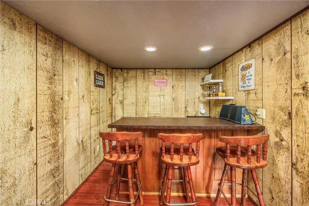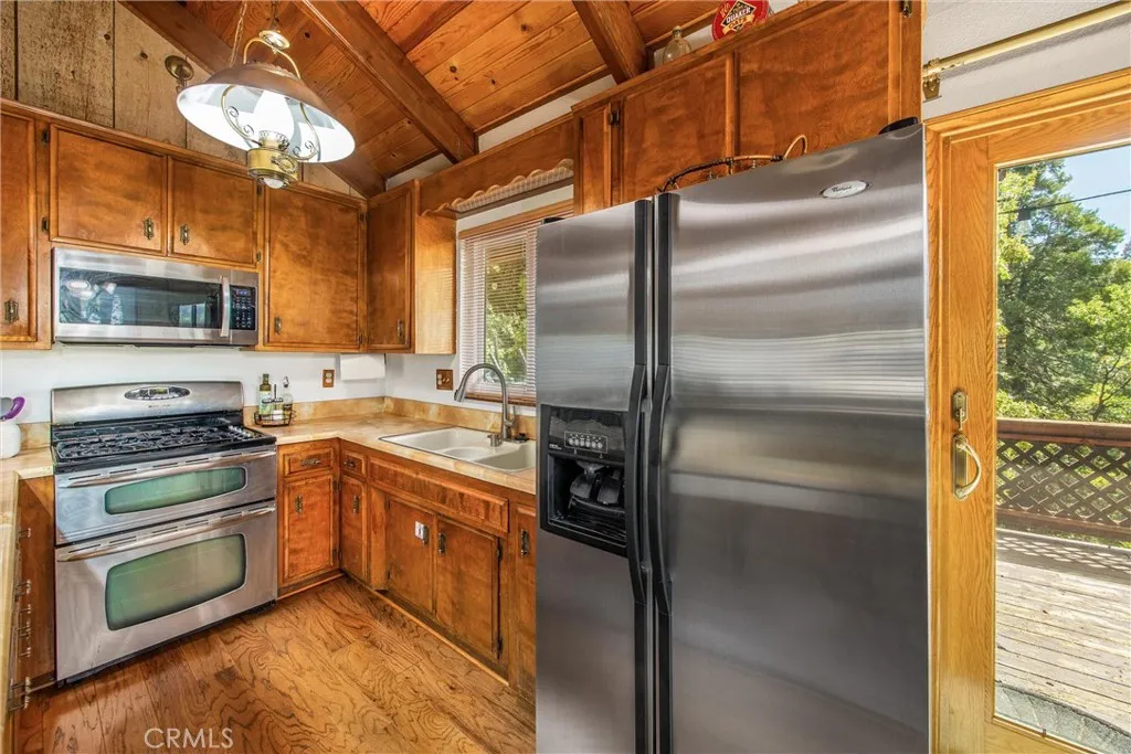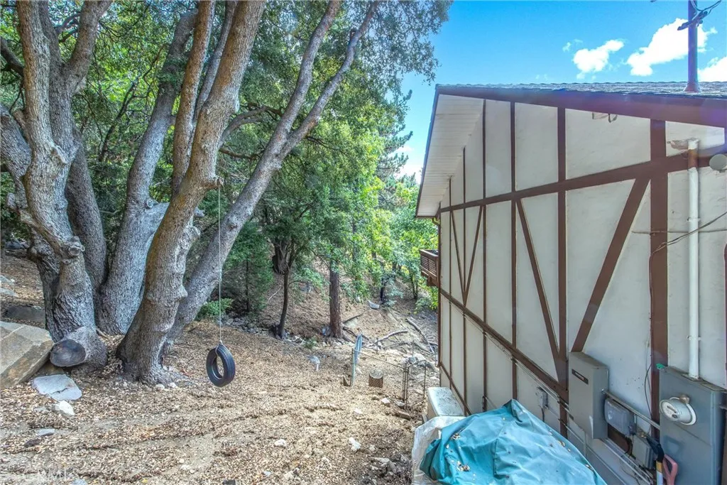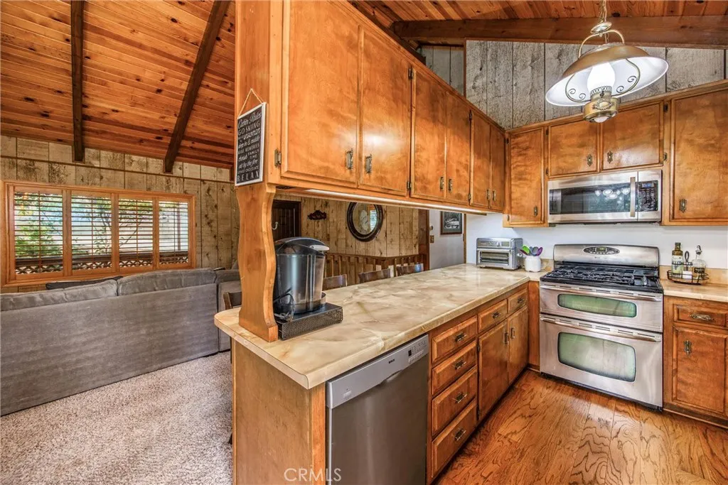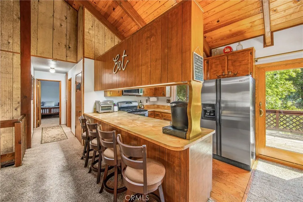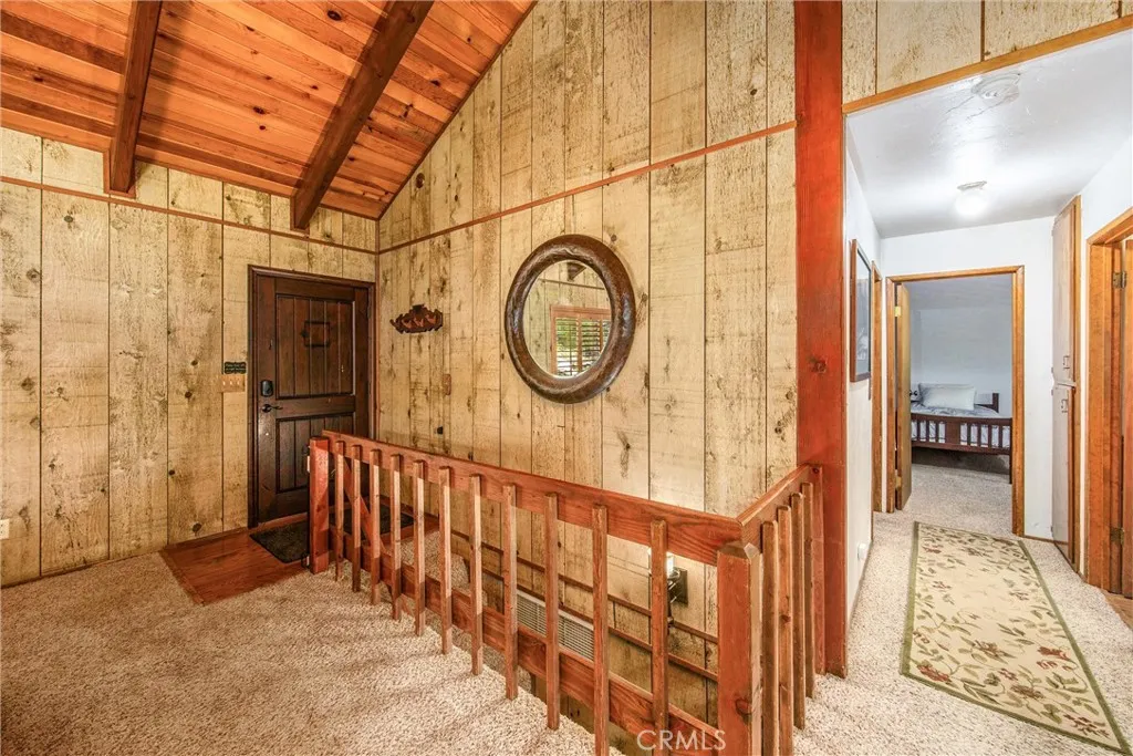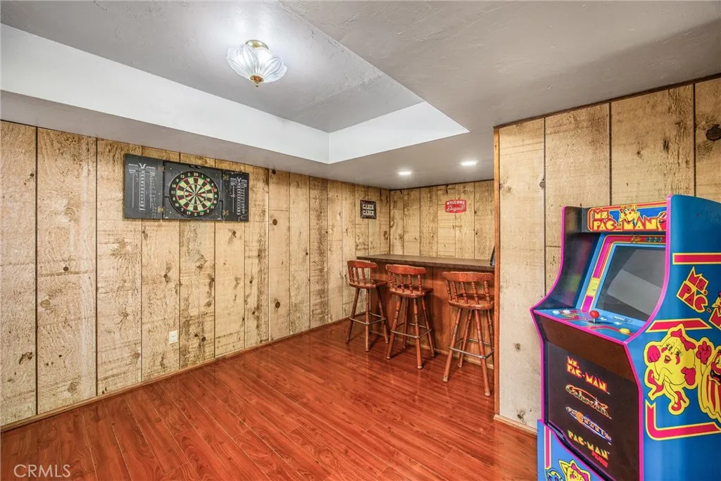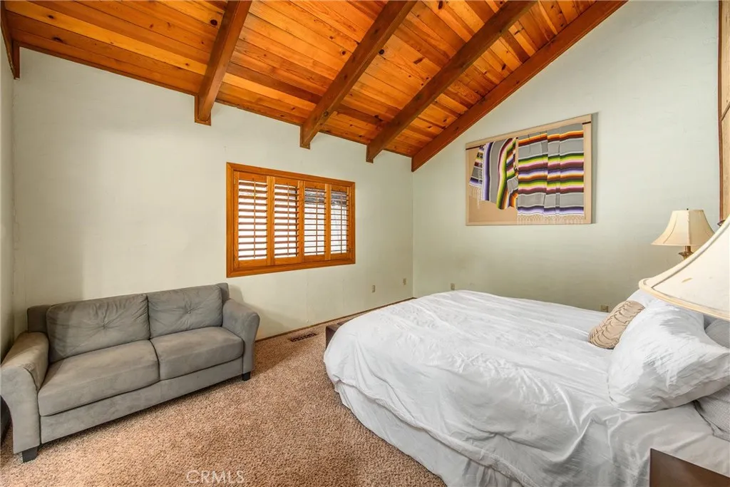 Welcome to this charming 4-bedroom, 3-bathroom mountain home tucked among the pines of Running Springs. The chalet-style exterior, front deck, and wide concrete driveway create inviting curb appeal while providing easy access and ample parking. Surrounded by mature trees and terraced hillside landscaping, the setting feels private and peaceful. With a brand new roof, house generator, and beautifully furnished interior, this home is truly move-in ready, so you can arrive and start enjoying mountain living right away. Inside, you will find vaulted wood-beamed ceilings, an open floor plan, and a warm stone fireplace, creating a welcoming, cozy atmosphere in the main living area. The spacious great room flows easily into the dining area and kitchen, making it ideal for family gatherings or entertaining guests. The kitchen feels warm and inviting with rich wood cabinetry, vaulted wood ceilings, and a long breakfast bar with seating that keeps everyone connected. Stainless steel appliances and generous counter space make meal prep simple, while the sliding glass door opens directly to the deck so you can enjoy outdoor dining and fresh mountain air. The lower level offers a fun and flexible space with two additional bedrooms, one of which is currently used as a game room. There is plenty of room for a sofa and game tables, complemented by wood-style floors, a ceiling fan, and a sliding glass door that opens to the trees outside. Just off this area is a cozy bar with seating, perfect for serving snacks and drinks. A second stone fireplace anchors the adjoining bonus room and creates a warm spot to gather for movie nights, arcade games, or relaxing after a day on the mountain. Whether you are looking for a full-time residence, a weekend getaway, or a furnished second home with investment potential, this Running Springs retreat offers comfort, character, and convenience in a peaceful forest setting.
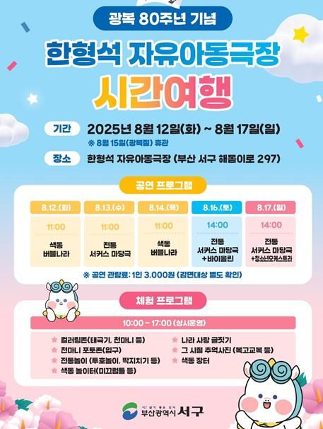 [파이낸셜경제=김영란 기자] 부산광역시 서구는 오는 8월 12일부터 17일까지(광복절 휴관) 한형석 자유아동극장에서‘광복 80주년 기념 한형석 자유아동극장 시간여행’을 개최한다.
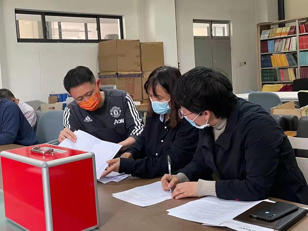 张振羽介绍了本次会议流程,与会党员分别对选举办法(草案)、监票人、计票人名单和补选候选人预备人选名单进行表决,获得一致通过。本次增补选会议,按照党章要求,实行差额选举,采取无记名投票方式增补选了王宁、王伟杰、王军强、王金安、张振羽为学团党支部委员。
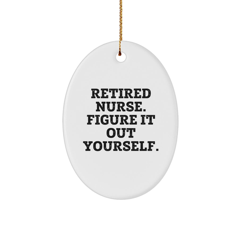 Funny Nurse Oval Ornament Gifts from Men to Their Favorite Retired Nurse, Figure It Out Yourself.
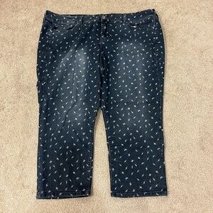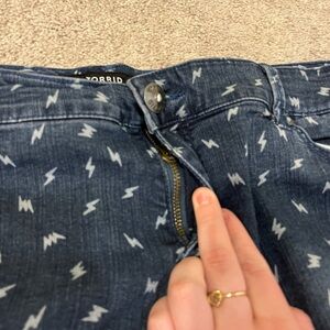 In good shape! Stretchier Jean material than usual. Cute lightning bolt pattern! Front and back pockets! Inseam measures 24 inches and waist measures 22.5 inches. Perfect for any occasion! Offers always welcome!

········

● **Activity**: Reprint every record exactly and skip the pictures.

● **Exercise result**:
 Welcome to this charming 4-bedroom, 3-bathroom mountain home tucked among the pines of Running Springs. The chalet-style exterior, front deck, and wide concrete driveway create inviting curb appeal while providing easy access and ample parking. Surrounded by mature trees and terraced hillside landscaping, the setting feels private and peaceful. With a brand new roof, house generator, and beautifully furnished interior, this home is truly move-in ready, so you can arrive and start enjoying mountain living right away. Inside, you will find vaulted wood-beamed ceilings, an open floor plan, and a warm stone fireplace, creating a welcoming, cozy atmosphere in the main living area. The spacious great room flows easily into the dining area and kitchen, making it ideal for family gatherings or entertaining guests. The kitchen feels warm and inviting with rich wood cabinetry, vaulted wood ceilings, and a long breakfast bar with seating that keeps everyone connected. Stainless steel appliances and generous counter space make meal prep simple, while the sliding glass door opens directly to the deck so you can enjoy outdoor dining and fresh mountain air. The lower level offers a fun and flexible space with two additional bedrooms, one of which is currently used as a game room. There is plenty of room for a sofa and game tables, complemented by wood-style floors, a ceiling fan, and a sliding glass door that opens to the trees outside. Just off this area is a cozy bar with seating, perfect for serving snacks and drinks. A second stone fireplace anchors the adjoining bonus room and creates a warm spot to gather for movie nights, arcade games, or relaxing after a day on the mountain. Whether you are looking for a full-time residence, a weekend getaway, or a furnished second home with investment potential, this Running Springs retreat offers comfort, character, and convenience in a peaceful forest setting.
 [파이낸셜경제=김영란 기자] 부산광역시 서구는 오는 8월 12일부터 17일까지(광복절 휴관) 한형석 자유아동극장에서‘광복 80주년 기념 한형석 자유아동극장 시간여행’을 개최한다.
 张振羽介绍了本次会议流程,与会党员分别对选举办法(草案)、监票人、计票人名单和补选候选人预备人选名单进行表决,获得一致通过。本次增补选会议,按照党章要求,实行差额选举,采取无记名投票方式增补选了王宁、王伟杰、王军强、王金安、张振羽为学团党支部委员。
 Funny Nurse Oval Ornament Gifts from Men to Their Favorite Retired Nurse, Figure It Out Yourself.
 In good shape! Stretchier Jean material than usual. Cute lightning bolt pattern! Front and back pockets! Inseam measures 24 inches and waist measures 22.5 inches. Perfect for any occasion! Offers always welcome!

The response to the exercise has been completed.